Rivian (RIVN) is working on undisclosed variants of its R2 electric vehicles, the company's CEO said days after starting volume production of the smaller, more affordable SUVs. Rivian, known for its high-end R1 SUVs and pickup trucks, plans to start deliveries of R2 SUVs around June, with analysts saying a successful rollout is critical to expanding the company's mass-market presence.
"There are other variants of R2, which we haven't shown," CEO RJ Scaringe said in an interview with Reuters when asked about a pickup variant of the R2. "What we're building in Georgia allows for different variations," he said, referring to a new plant where Rivian will eventually expand production of R2 vehicles. Scaringe did not disclose details on what the other variants would look like.
Demand for EVs has been impacted by the removal of key tax credits in the United States, although high gasoline prices have raised interest in battery-powered vehicles. Affordable EVs are seen as a bright spot in the industry, since borrowing costs remain high.
Rivian, in March, announced various trims of the R2 SUV. The rollout will begin with a $5 000 R2, with cheaper versions to follow later this year and in 2027. A keenly awaited $45 000 trim with over 275 miles of range — likely to significantly broaden Rivian's customer base — will be available by late 2027.
Rivian, which also makes electric vans primarily for Amazon, first launched its R1T pickups in 2021, followed by R1S SUVs. With the mid-size platform, Rivian has announced R2 SUVs, as well as a smaller R3 crossover and the R3X performance variant.
"So clearly there could be an R2X," Scaringe said. "There's going to be combinations. I want to be careful not to announce the program."
Rivian's forecast of a 53% jump in deliveries this year is driven by the rollout of R2 vehicles and implies roughly 22 000 to 23 000 R2 deliveries, assuming steady demand and a smooth production ramp.
The R2 is likely to "materially boost sales" and "capture additional EV market share," helped by its lower price point and autonomy features, Cantor Fitzgerald analyst Andres Sheppard said in a client note following Rivian's quarterly earnings results last week.
The vehicle is also central to Uber's $1.25 billion robotaxi deal with Rivian, in which the ride-hailing firm will start deploying 10 000 fully autonomous R2 vehicles from 2028.
The sentiment is cautiously optimistic for Rivian, with the R2 platform positioned as the company's mass-market catalyst. The development of additional undisclosed R2 variants — potentially including a pickup, performance R2X, or other body styles — suggests Rivian is maximising platform flexibility to capture different customer segments, similar to how traditional automakers offer multiple variants from a single architecture.
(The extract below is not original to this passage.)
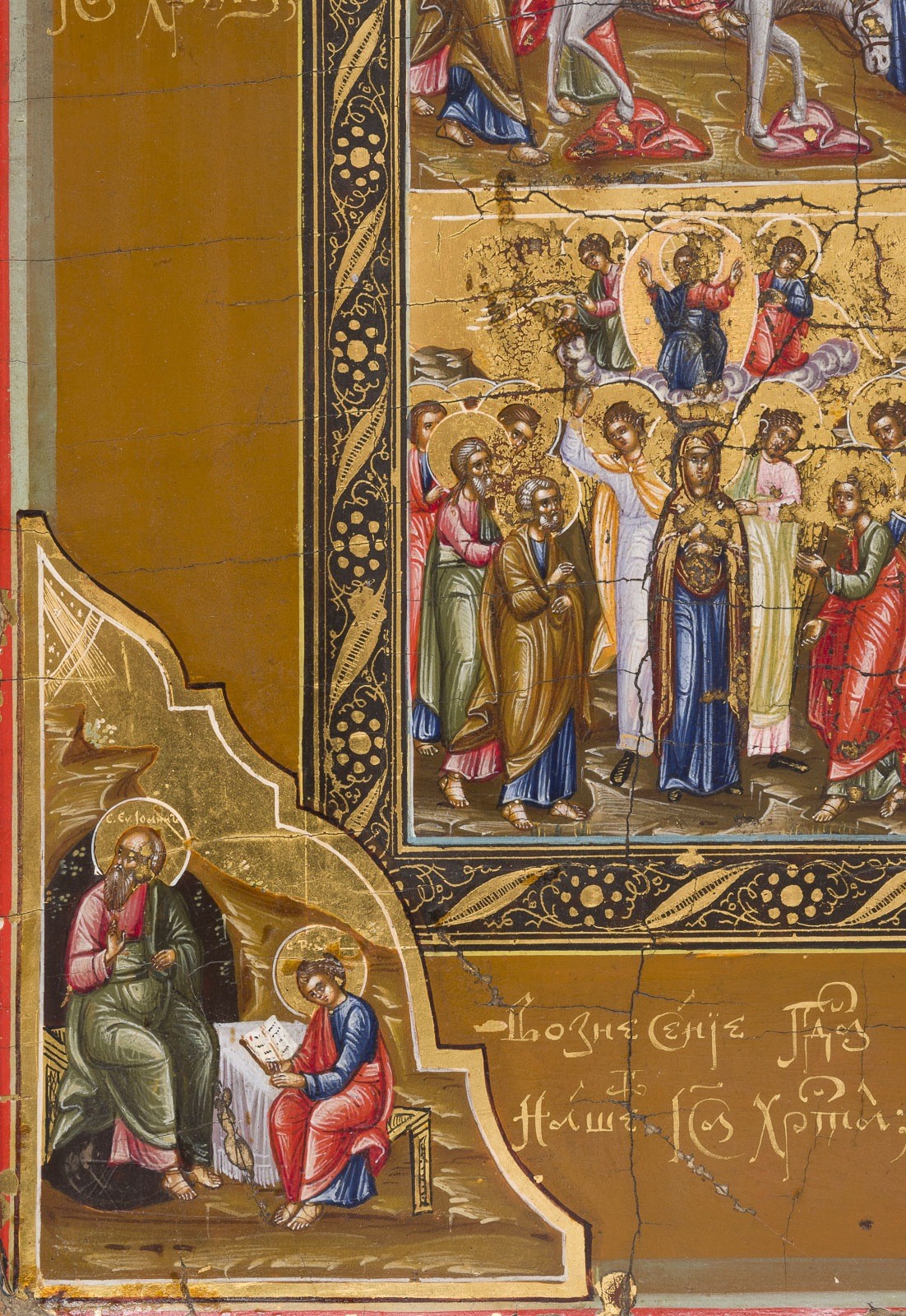 SEHR FEINE IKONE MIT DER AUFERSTEHUNG UND HÖLLENFAHRT MIT ZWÖLF HOCHFESTEN DES ORTHODOXEN KIRCHENJAHRES

The Georgia plant's role in enabling these variants reinforces Rivian's long-term production scaling plans. Rising gasoline prices represent a significant potential demand driver for electric vehicles, as higher fuel costs improve the total cost of ownership equation for battery-powered cars relative to internal combustion engine options. If gasoline prices remain elevated, due to ongoing Middle East tensions, consumer interest in affordable EVs, such as the $45 000 R2 trim, could accelerate. However, near-term headwinds remain: the removal of US tax credits raises effective prices, borrowing costs are still high, and Rivian must execute a smooth production ramp-up. The Uber robotaxi deal provides a long-term volume anchor. The market will watch for official announcements of the teased variants and progress toward the 2027 $45 000 trim. Overall, Rivian is building out a compelling mass-market narrative that could benefit from sustained high gasoline prices, but execution and consumer affordability remain key variables.